Thumbnail Image

Date Posted: Oct 07 2016

Tags: SEO, Usability, Apache, Semantics

Clean URL Rewrites Using Apache

This article will cover how to easily implement Clean URLs (also known as Semantic URLs, RESTful URLs, User-Friendly URLs and Search Engine-Friendly URLs) using Apache Web Server; currently the most popular web server platform worldwide.

Not using Apache web server? No problem, NGINX users can check out my article Clean URL Rewrites Using NGINX.

A Clean URL is a URL that does not contain query strings or parameters. This makes the URL easier to read and more understandable to users.
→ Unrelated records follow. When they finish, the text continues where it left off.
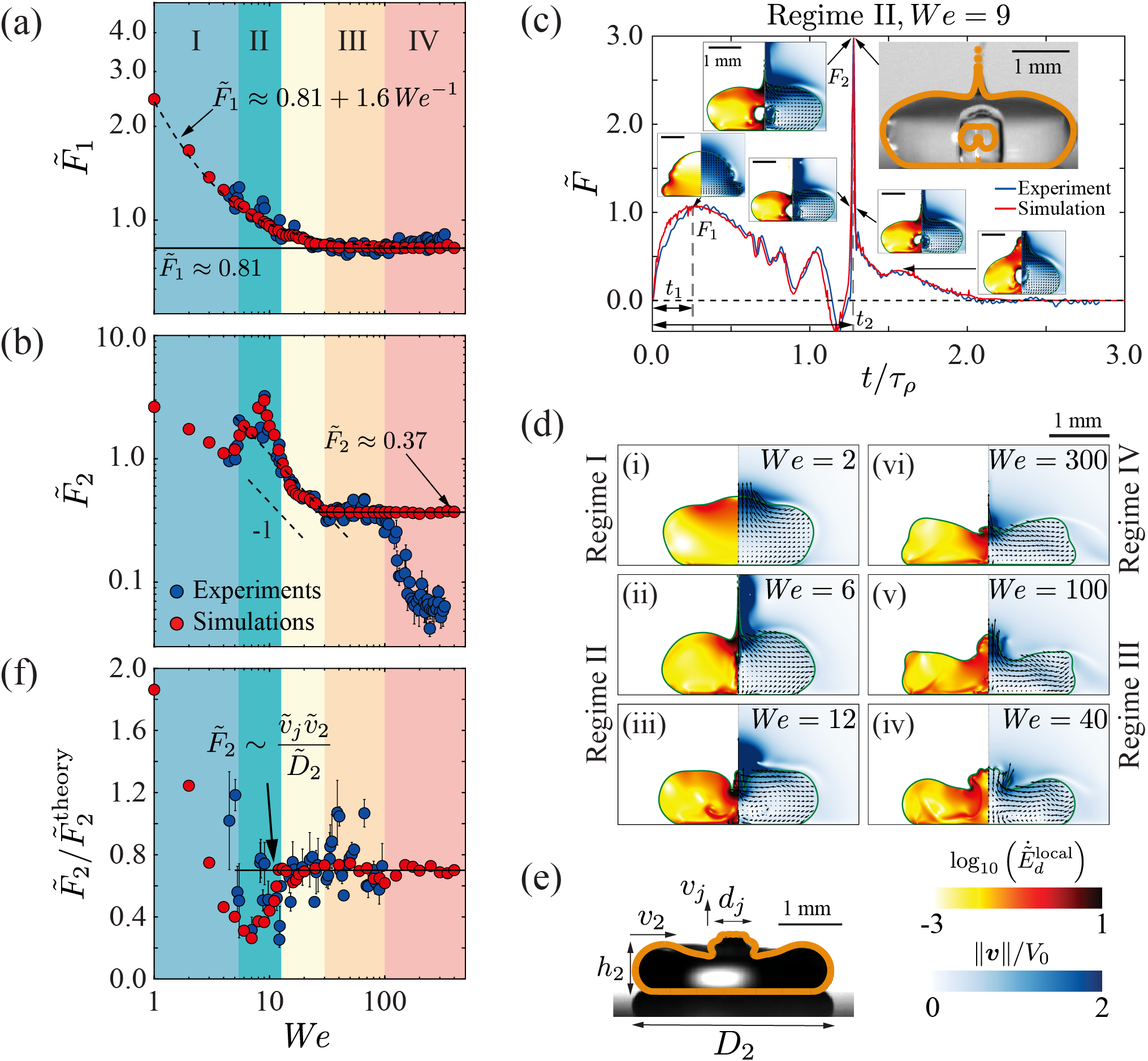 图2.水滴撞击力峰值随韦伯数的变化规律;(a)第一个峰值力随韦伯数的变化规律;(b)第二个峰值力随韦伯数的变化规律;(c)气穴溃灭引起的高速射流及作用力;(d)不同韦伯数下撞击力达到第二个峰值时对应的水滴形态;(e)参数定义;(f)第二个峰值力的理论预测、数值模拟与实验结果对比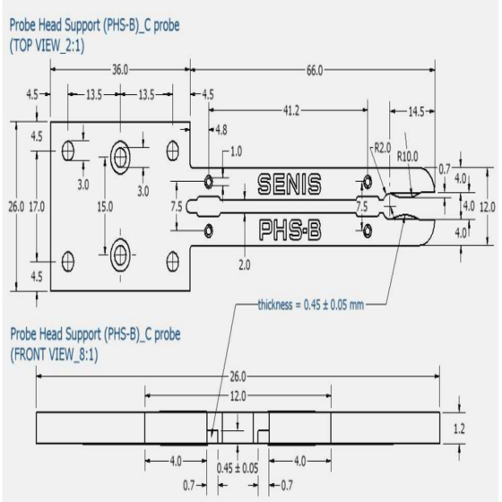 PHS-B 探棒支架可用於將 SENIS 霍爾探棒穩定固定於氣隙中進行量測,保護探棒避免操受機械損壞。固定探棒治具由環氧樹脂層壓板 FR4 製成, 是一種具有良好尺寸穩定性和機械堅固性的材料。 治具的橫截面積為 2mm x12mm。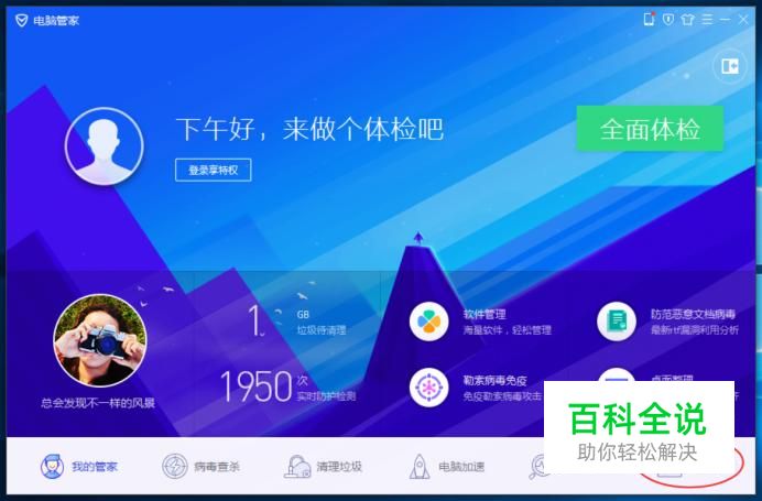 打开电脑管家,选择右下角的“工具箱”。

Clean URLs are a high ranking factor for many search engines, but there are many other reasons why having Clean URLs can be important to your website. Check out our article Are your URLs Letting Your Website Down for more information.

THE PROBLEM

Take a look at this URL used by a dynamically generated web page:


http://www.exampleshop.co.uk/products.php?id=7

The example shows a common URL structure that you may often see output from a PHP driven CMS (Content Management System). The URL links to a dynamic PHP web page called products.php with a variable value of 7. A dynamic web page is a web page that is constructed using server side scripting, for example PHP. Server side scripting allows you to use URL parameters to determine the assembly of a dynamic web page, as shown in the example ‘id=7’.
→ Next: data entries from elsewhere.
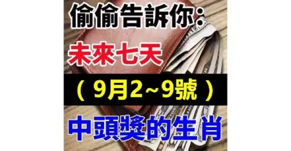 偷偷告訴你:未來七天(9月2 到 9號)中頭獎勢極高的生肖
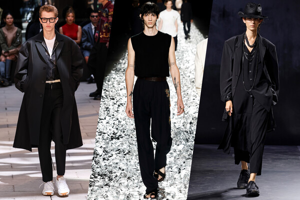 В женской моде каждый сезон претендует на то, чтобы изобрести «новый черный». В мужской дизайнеры не мудрят: на подиумах доминировал старый добрый черный. Образы в стиле total black показали большинство участников Недели: показ Louis Vuitton открылся чередой из 20 мужчин в черном, бренд Y3 показал, как использовать этот цвет в спортивных образах, а Yohji Yamamoto сумел даже в совершенно черных луках сохранить ощущение свежести и легкости. Sacai, Kiko Kostadinov, Namesake, Dries Van Noten, System — все показали образы в цветах угля. Вывод: будущей весной мужчины могут носить любую одежду, если она — черная.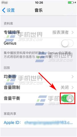 點擊設置進入,再點選【音樂】,接到打開【音量平衡】右邊開關即可。(如下圖)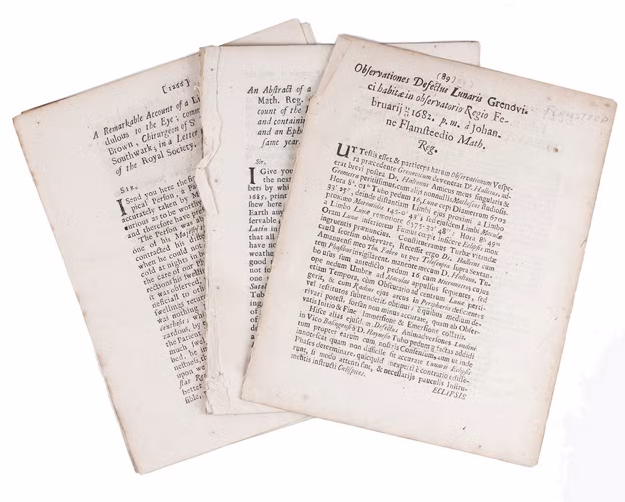 Three astronomical articles (2 in the form of letters) by England's first Royal Astronomer, John Flamsteed (1646-1719) at the Greenwich Observatory from its establishment in 1675, published in the Philosophical Transactions of the British Royal Society in the years 1683 and 1685. The first article gives observations of a 1682 lunar eclipse by Flamsteed himself, Edmund Halley and a certain Haynes. The second gives Flamsteed's calculations of the eclipses of Jupiter's four moons for the coming year 1686, intended in part as an aid to the determination of longitude. The third gives an engraved dial with four scales around its perimeter, with Flamsteed's description of its use to calculate the positions of Jupiter's moons..

Functionally this URL is perfect; it links to the dynamic products page, and passes the variable ‘id’ with the value of 7 to the webserver to dynamically generate the content for the product associated with ID value of 7.

This is great but the URL seems a bit archaic, difficult to remember, it contains no relevant keywords for search engines; and it doesn’t describe the content of the webpage very clearly.

The webpage in the example is actually a shop page for buying organic apples, but there is no way of telling this from the current URL.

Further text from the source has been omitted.